CHARLOTTE, N.C. -- Meet RICK, Coca-Cola Bottling Co. Consolidated's newest in-store pitchman.
RICK, or Retailtainment Interactive Coca-Cola Kiosk, is a robot that has been used in displays at Wal-Mart supercenters. CCBCC, the second-largest Coca-Cola bottler in the United States, is using him to strengthen its in-store brand image and attract consumer attention at the point of sale, said Jim Bailey, CCBCC's advertising director.
"When consumer are in a retail location, they have a buying mentality and money in their pocket. There's no greater opportunity to deliver a message," said Bailey.
Bailey began a quest over a year ago to engage customers in the store. Then he saw a robot from AVG In-Store Interactive, Chatsworth, Calif., a division of AVG, makers of animatronics for theme parks and other events, at a trade show last year. Bailey worked with the company and created RICK.
"Companies need to go to business on a broad-based scale with all customers. From our point of view, retailtainment is a terrific idea for any retail location," said Bailey.

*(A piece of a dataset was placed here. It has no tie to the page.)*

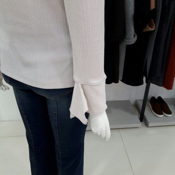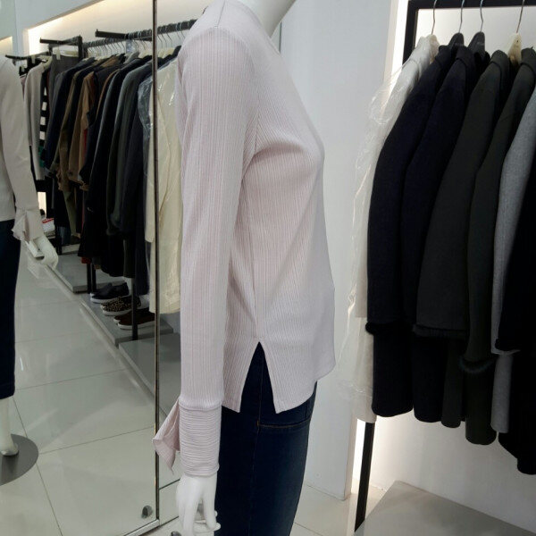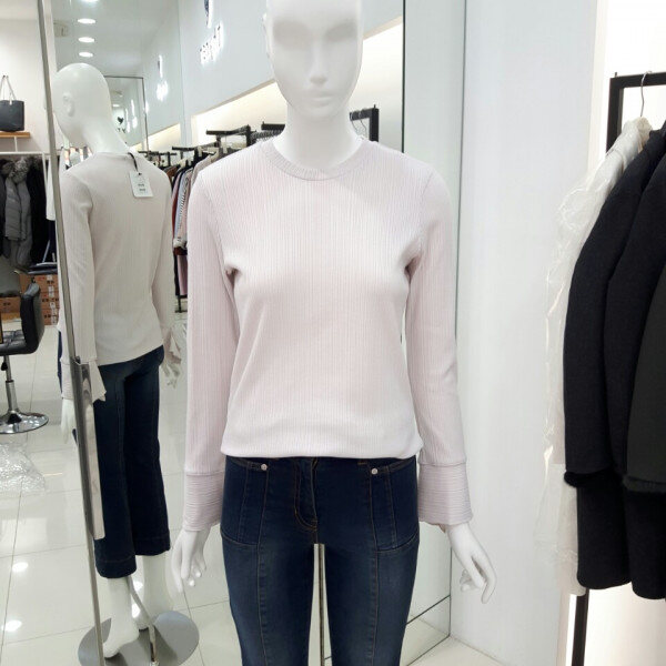 티렌 잔골지 기본 티셔츠에 소매프릴이 여성스러운 티셔츠입니다 코트계절에 코디하기좋은 티셔츠입니다

Jim Stewart, AVG In-Store Interactive's chief operating officer, agreed that more retail and brand marketers are pursuing retailtainment, or retail theater. Stewart noticed a particularly sharp increase about a year ago. That's why it created its in-store division. "We felt that the products that we had traditionally created for the theme park business could be effectively applied within the retail marketplace," Stewart said.
The custom-built RICK units are among the first all-electric animatronic figures, according to Stewart. AVG also markets pneumatic figures that are operated by compressed air for theme parks like Universal Studios' Islands of Adventure for the past two decades. But pneumatic figures are heavy and difficult to move, he said.
RICK, on the other hand, is electronic and can be easily loaded into a truck and moved from store to store. The ability to go into any retail outlet is one of the key strengths of the RICK units, Bailey explained. The six robots CCBCC utilizes stand 5 feet, 6 inches tall, including pedestals.
Each RICK unit can be programmed to say a scripted speech. Or, field representatives can remotely control the robot from a distance to say certain words. Head and mouth movements can be synchronized to the words RICK speaks, making it appear as though the robot is independently interacting with consumers.
RICK is the second part of a "retailtainment" strategy that CCBCC is pursuing. The first phase was a program called Family Festival, which featured inflatable sports games and video game trailers set up in the parking lots of retailers. The goal was to engage kids and adults as they walk into the store.
"We've got to change the retail location to become less like wallpaper," Bailey stressed.
Along with attracting attention to Coke displays, RICK is also a valuable communication tool.
Trying to explain to a consumer what the benefits of getting involved with a promotion are can be difficult in a 30-second television ad, he explained. RICK, meanwhile, can talk at length about the promotion, and, through remote control, can even answer consumer questions, according to Bailey.
While CCBCC plans to use RICK at other retailers, demand has been so high at Wal-Mart that it hasn't been able to yet.
RICK is primarily used for Coca-Cola Classic displays, but has also been featured in in-store campaigns for other Coca-Cola Co. brands. So far, RICK's pitches have included NASCAR, a summer promotion and new Mello Yello product.
Bailey declined to comment on specific sales figures but said the program has been overwhelmingly successful with CCBCC's customers, consumers and sales force. Consumers and store personnel have started to grow quite fond of the character and often ask to have their picture taken with him, according to Bailey.